«Die Zeit, in der die Industrie eine Jobmaschine war, geht zu Ende.» Das sagte Digitalminister Karsten Wildberger am 21. März 2026 — und ZEIT, Spiegel, Tagesspiegel und ZDF berichteten gleichzeitig. Was Wildberger nicht sagte: Was KMU-Chefs jetzt konkret tun sollen.
Was der Minister meinte — und was er ausließ
Wildberger sprach von drohenden Jobverlusten in ganzen Branchen, von einem möglichen Grundeinkommen als Reaktion — und von einem strukturellen Wandel, der schneller kommt als erwartet. Das sind Aussagen für die politische Bühne. Was fehlt: ein konkreter Fahrplan für Unternehmen mit 5 bis 50 Mitarbeitern.

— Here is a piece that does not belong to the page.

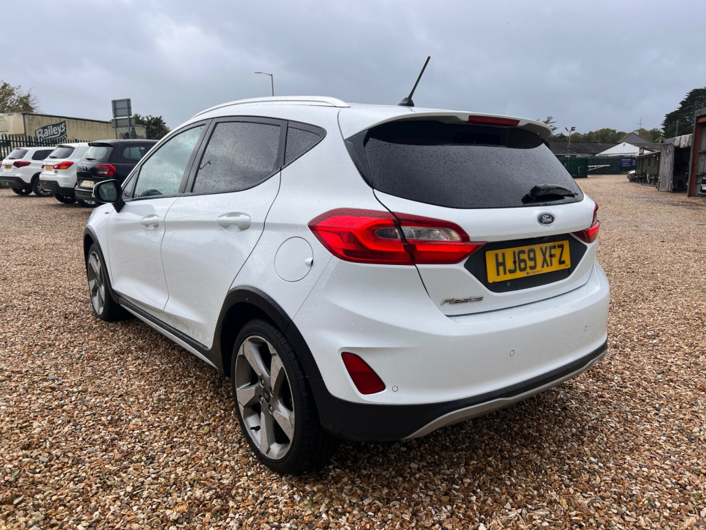 This 2020 Ford Fiesta 1.0T EcoBoost GPF Active X Hatchback with a mileage of 63368 miles is a reliable and efficient hatchback, perfect for urban driving. The petrol engine is ULEZ compliant, and with MOT expiring on 07/02/2026, you can have peace of mind knowing it's roadworthy for years to come. With 5 seats and 5 doors, this Fiesta provides ample space for passengers and cargo. The sleek design features 17in Alloy Wheels, Black Belt Line Finisher, and Body Colour Door Handles and Mirrors. The electrically-operated and heated mirrors are power-foldable with integrated side indicators, while the electric windows add convenience to your drive. This practical and stylish hatchback offers both comfort and practicality for all your driving needs. in alloy wheels - 5 spoke rough metal - machined finish, black belt line finisher, door handles - body colour, door mirrors - electrically-operated and heated - power-foldable with integrated side indicators - body colour housings and puddle lights, electric windows - front, electric windows - rear, front bumper - unique active, front upper grille - unique active design, quickclear heated windscreen, rear bumper - unique active with silver-finish diffuser, rear privacy glass, rear spoiler - body colour with centre high mounted stop light, rugged bodystyling kit with active front wing badges, side panel - unique active bodyside mouldings, silver roof rails, tyre repair kit, 3-spoke leather trimmed steering wheel with audio controls, active logo front door threshold plates, air conditioning - electronic automatic temperature control - eatc, automatic rain sensing wipers and auto-dimming rear view mirror, centre console with armrest and illuminated cupholders, courtesy light - ambient led courtesy lighting, courtesy light - front map light and rear - overhead led, door lever - chrome finish, drivers seat lumbar support and passenger seat lumbar support, floor mats - front and rear, front seat - drivers manual height and fore-aft adjustment, front seats - sports style, gearshift knob - leather-trimmed, glovebox - illuminated, headliner - woven-dark, heated driver and passenger seats, leather-trimmed handbrake, mykey, overhead console - sunglasses holder, rear fog lamps, rear seat - 60-40 split back and cushion, steering column - rake and reach adjustment, warning triangle storage, 4.2in tft instrument cluster screen, ford navigation system with ford sync 3 - apple carplay and android auto and fordpass connect - embedded modem, airbags - driver and front passenger, airbags - front side impact, airbags - front and rear side curtain, anti-lock braking system - abs with electronic brake force distribution - ebd, emergency brake warning - automatic hazard warning lights, enhanced electronic stability control - esc with traction control - emergency brake assist - eba - hill start assist - hsa and trailer sway control, ford easy-fuel capless refuelling system, ford keyfree system, ips - intelligent protection system, ncap pack, remote central-double locking, seats - isofix mounting provision for child seats, tailgate wash-wipe, thatcham category 1 alarm, cruise control, driver alert, epas - electric power assisted steering, rear view camera, rough road suspension including increased ride height, selectable drive modes - eco - normal - slippery, tsr - traffic sign recognition, trip computer, tyre pressure monitoring system - tpms, front fog lights with cornering function, halogen projector headlights with led daytime running lights, headlights - automatic on-off and highbeam, rear lights - led night signature

Denn während Berlin über Grundeinkommen diskutiert, müssen Sie als KMU-Chef entscheiden: Welche Stellen in meinem Betrieb werden durch KI verändert — und was bedeutet das für mein Team?
Drei Schritte, die Sie diese Woche machen können
Schritt 1: Prozesse ehrlich bewerten. Machen Sie eine Liste Ihrer drei zeitintensivsten Routineaufgaben im Betrieb — zum Beispiel: E-Mail-Beantwortung, Angebotserstellung, Datenpflege. Fragen Sie sich: Könnte ein KI-System diese Aufgabe zu 80 Prozent übernehmen? Wenn ja, ist das eine Stelle, die sich in den nächsten 24 Monaten verändert. Das ist keine Bedrohung — es ist ein Signal, wo Sie jetzt investieren sollten.

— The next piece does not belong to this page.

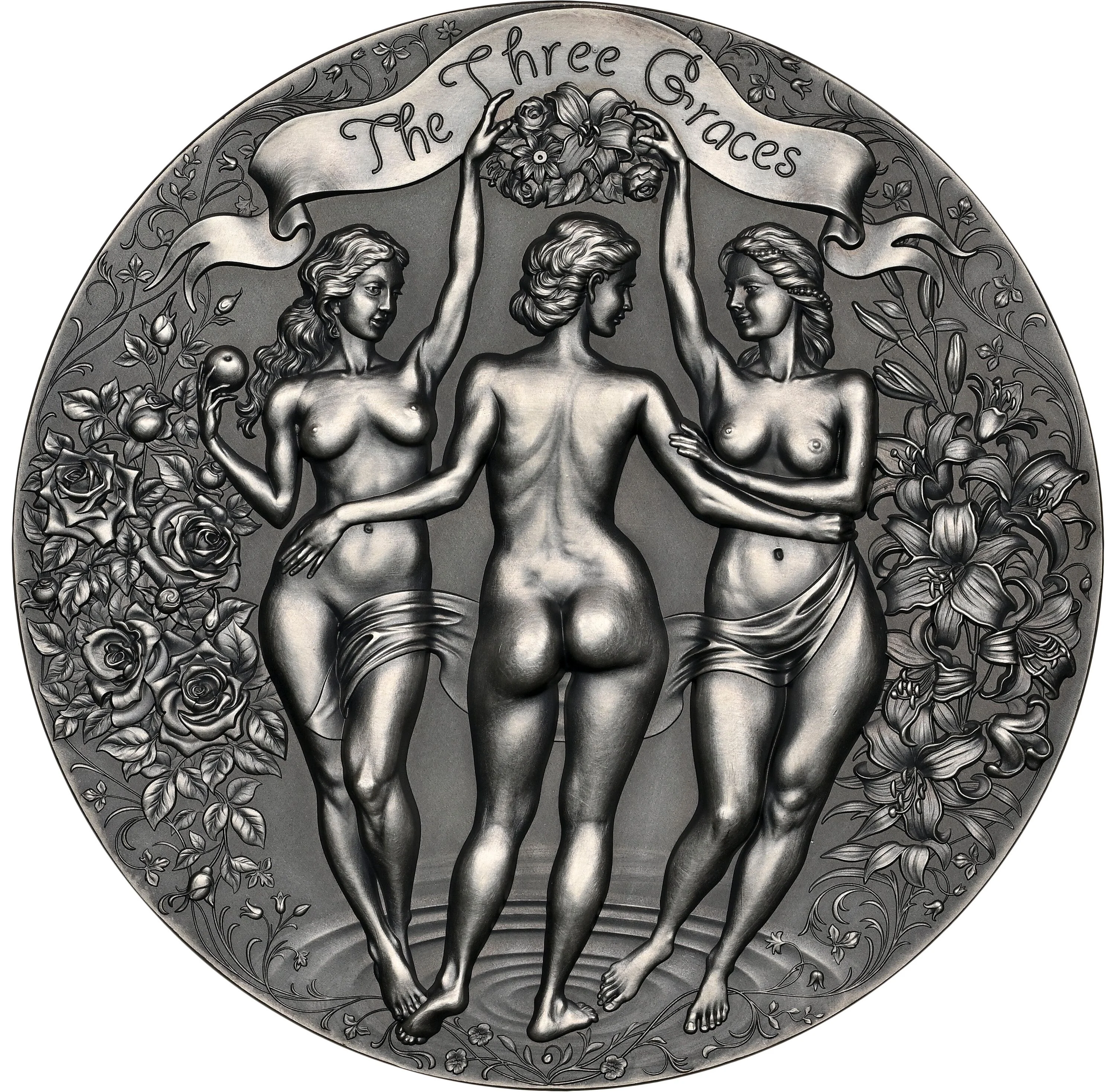 Three Graces nude amid flowers.

Schritt 2: Mitarbeiter ins Boot holen — bevor die Angst es tut. Die Meldungen über Wildberger haben Ihre Mitarbeiter gelesen. Wer als Chef schweigt, überlässt die Deutung dem nächsten Alarmisten. Eine offene Runde im Team, in der Sie zeigen, welche KI-Tools Sie bereits testen oder planen, ist besser als jede Beruhigungsemail.

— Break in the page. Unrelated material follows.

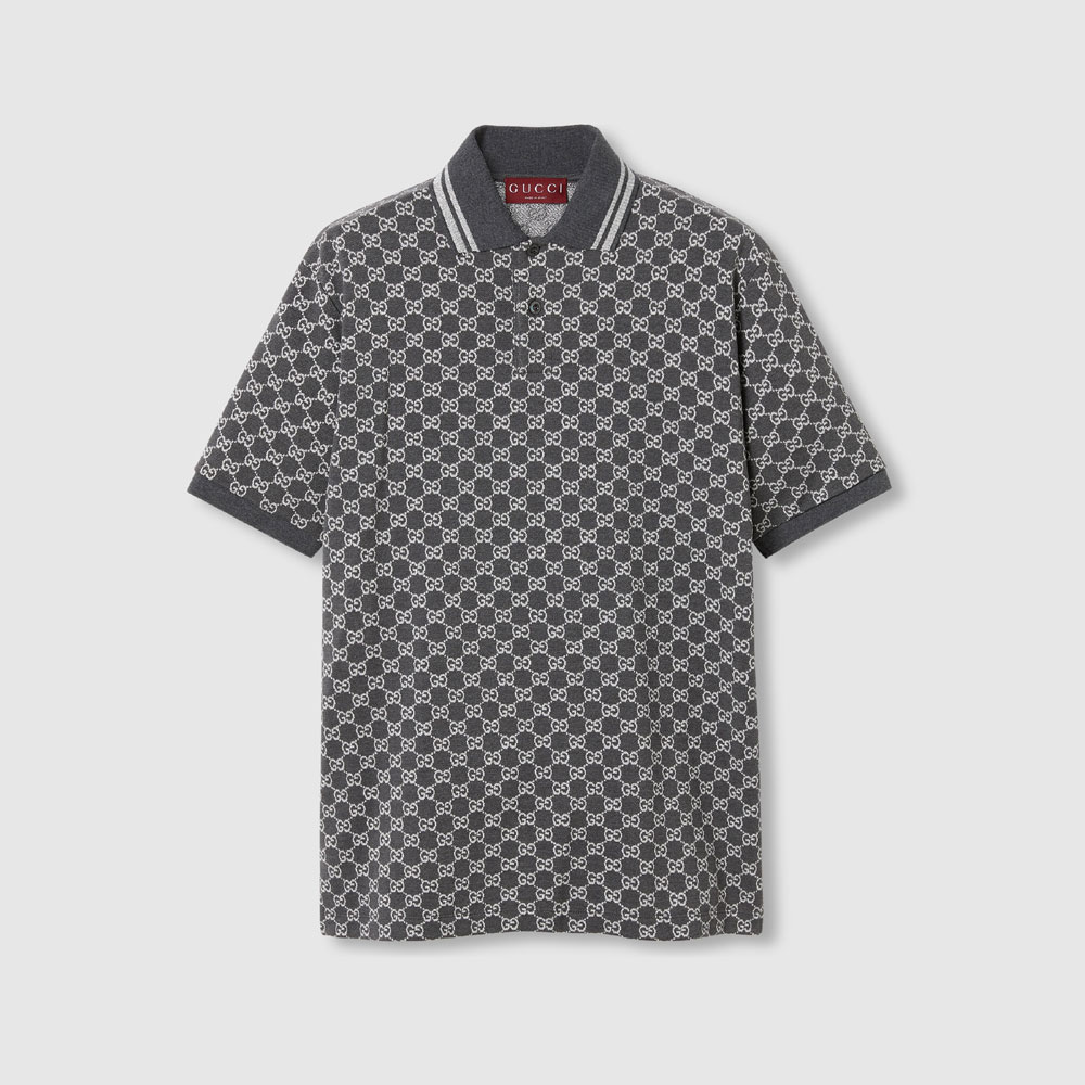 Elevate Your Look: The Gucci GG cotton lame jacquard polo in dark grey is a versatile men's shirt perfect for smart-casual ensembles.

Schritt 3: Einen Testlauf starten — nicht planen. Der häufigste Fehler: monatelange Evaluierung ohne Ergebnis. Wählen Sie eine Aufgabe, ein Tool, zwei Wochen. Messen Sie, was es bringt. Das kostet weniger als ein Beratergespräch und liefert echte Daten für Ihren Betrieb.
Die Chance im Alarm
Wildbergers Warnung ist auch eine Einladung: Wer jetzt handelt, sichert sich Vorteile gegenüber Mitbewerbern, die auf Klarheit aus Berlin warten. Regulierung kommt — aber KI kommt schneller. Und Unternehmen, die ihre Teams jetzt auf KI-gestützte Prozesse vorbereiten, werden weniger Personal abbauen, nicht mehr.